‘Thomas,’ Keziah whispered, ‘don’t bury me deep.’
Thomas’s life has changed in a few short days, and so has his beloved Keziah. After an attack one night, by a creature that shouldn’t exist, Keziah tries to prepare them both for what is to come, but can Thomas do his part? Can he make the right choice and live or die by the consequences?
I can count on my two hands the number of short stories I’ve read in my life, and most of them were school curriculum selected. In general, they’re not my thing. I always wonder how an author can cram a whole, meaningful story that requires character development into so few words. But Gemma Farrow can – and she does it well.
‘Beneath the Willow’ is a poignant tale of love, grief, moral questioning and fear. With a few well chosen words, Ms Farrow has created an immediate emotional connection to characters that are four-dimensional. Her choice of original similes, metaphors and beautifully descriptive words pull you into the melancholy dilemma that faces Thomas as he decides what to believe, and what to do about his adored Keziah, who is changing into something else – something ‘other’.
I’m also not normally a fan of memories and flashbacks but they are so well done here, that they add an additional dimension of surreal grief to the tale. The story itself is unique too, without the sexual and glamorous plotlines most vampire novels have, or the usual expected ending. There is a thriller / horror element, a little romance too, but for me, this story is more about being human. It’s about having to make choices between your head and your heart and paying the consequences for those decisions.

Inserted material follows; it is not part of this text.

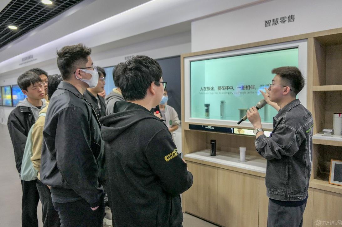 在交流活动中,公司团委书记田儒基与京东方技术创新中心相关负责人就人才培养新路径进行探讨,加强双方毕业生就业、在校生实习等深度合作,公司增加人才输送,企业扩展就业岗位。京东方中心负责人向公司师生介绍展示了其遍布全球20个国家共17条产线,4座智能制造工厂,5所数字医院,传递了“屏之物联、未来如是”的新理念。

If Ms Farrow can do this in only a few words, I wonder what she can do with a full-length novel. I’ll be keeping my eye out for more work from this talented author!
Let’s chat with Gemma Farrow, author of ‘Beneath the Willow’:
Q: Tell us a little about Gemma Farrow.
A: I’ve been writing since childhood, and had my first short story published by a small independent magazine when I was nineteen. Since then, thirteen years on, I’ve had over twenty short stories published, and an equal number rejected. I love nothing but to write. I live to create minor worlds that reflect the range of human frailties and strengths, the sorrows and joys. The people I know, think because I write paranormal and psychological horror, that it’s about violence and cheap scares. Horror for me is a genre that demands depth and emotional textures. As a writer, I need to hook my reader, and also like to blind-side them with unexpected reactions. If realism doesn’t exist in my writing, then the horror won’t have the greatest impact.
Q: When did you realise you wanted to become a writer?
A: When I was eleven years old. My English teacher told us to write a short story about anything that interested us. I wrote a ghost story.
Q: What are you working on at the moment?
In May 2014, I finished the first book in my horror trilogy. It took me a year to write. It’s gone through many edits, including a professional one, and now is ready for the final polish. I’m also partway through the first draft of book 2. And planning out book 3. The storyline is about disconnection, loss, madness, and finding the courage to face the unknown. It’s a story about monsters, both human and ‘other’.
Q: Do you have a life’s motto?
A: Yes. ‘No matter what, keep trying.’
Q: Why did you choose paranormal/psychological horror as your genre?
A: That’s down to Stephen King, James Herbert, Graham Masterton, and Ramsay Campbell. From childhood through to now, they have been my favourite authors. My older siblings introduced me to their books. Horror films too, played an informative part in my fascination with this genre.
Q: Thomas has to make a difficult decision between his head and his heart. Have you ever had to do the same?
A: Yes. Fortunately for me, my decision didn’t have such an extreme consequence unlike Thomas’ eventual choice.
Q: The dreams Thomas has are vivid and realistic. Have you ever had such nightmares?
A: I’ve always been fascinated by dreams, and I study those I remember. I have a dream notebook. I guess because of this practice, and mental focus, my dreams are vivid and often lucid. I do tend to have more nightmares than dreams. But this is something I appreciate, because the nightmares seed future stories. Some of the things I’ve dreamed are in my horror trilogy.
Q: Do you read all your reviews? What do you do with the good ones and the bad?
A: I read all my reviews, and especially focus on the bad ones. The good ones boost my confidence, but the bad ones—or critiques—if they come from an unbiased viewpoint help me improve my craft. They may highlight something I haven’t noticed, a bad writing habit or dropped words. Reading reviews help maintain an awareness of how readers interact with a story, because when writing, it is easy to forget you are writing for a readership, and not just for yourself.
Q: Tell us about one childhood/teenage memory that has impacted the person you have become.
A: My mum is a strong believer in the supernatural and attending séances or hosting them was something she liked to do. As a child, I used to sneak downstairs, and spy through the gap in the door, whenever a séance was taking place. This fuelled my fascination, and also spooked me quite a bit. Once I became old enough, I was able to sit in the room when a séance was happening. I was familiar with them, and they no longer scared me. I started to view the séances objectively. I learned a lot about the afterlife, but most of all about people’s need to hang onto loved ones that have crossed-over. I realised I was no longer watching séances, but studying people, and their psychology.